I'm with you. I don't understand the love for bibs. The only positive I found was that on the mountain bike sometimes you can snag the front of the crotch on the nose of the saddle when you're moving your weight around in tech sections, and this is less likely in bibs because they won't ride down. 

Otherwise, the mesh straps going up my back are hot and make me itch and the business of taking off your damn jersey to pee is just ridiculous. 
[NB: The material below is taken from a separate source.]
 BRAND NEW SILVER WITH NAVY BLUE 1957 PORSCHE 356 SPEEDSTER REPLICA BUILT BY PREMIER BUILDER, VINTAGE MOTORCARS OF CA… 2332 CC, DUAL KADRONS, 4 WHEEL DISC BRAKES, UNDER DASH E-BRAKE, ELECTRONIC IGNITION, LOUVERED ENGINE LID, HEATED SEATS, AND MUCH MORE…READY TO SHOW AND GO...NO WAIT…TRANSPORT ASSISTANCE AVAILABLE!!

I wore bibs for a couple of years because my husband was so into them, until I finally realized I hated them.


----------



## northoceanbeach

Cant say if the bibs are worth it, i just got my first pair and i think the best think is that i feel sexy and fast. I got those fc r you like. Like others have said and especially if you are into fashion assos pioneered fashion and cycling. Check out their website, the models make you want to buy the product. And their whole line matches and goes together perfectly. They are just the most expensive but if you are looking at giordana they are the same price. Botb are also made in europe, so no chinese crap like most companies.


----------



## Drummerboy1975

I'm a dude, but feel that bibs are more of a hassle. Fat guys like them because they don't show buttcrack while riding. Pros wear them, well, because they're pros.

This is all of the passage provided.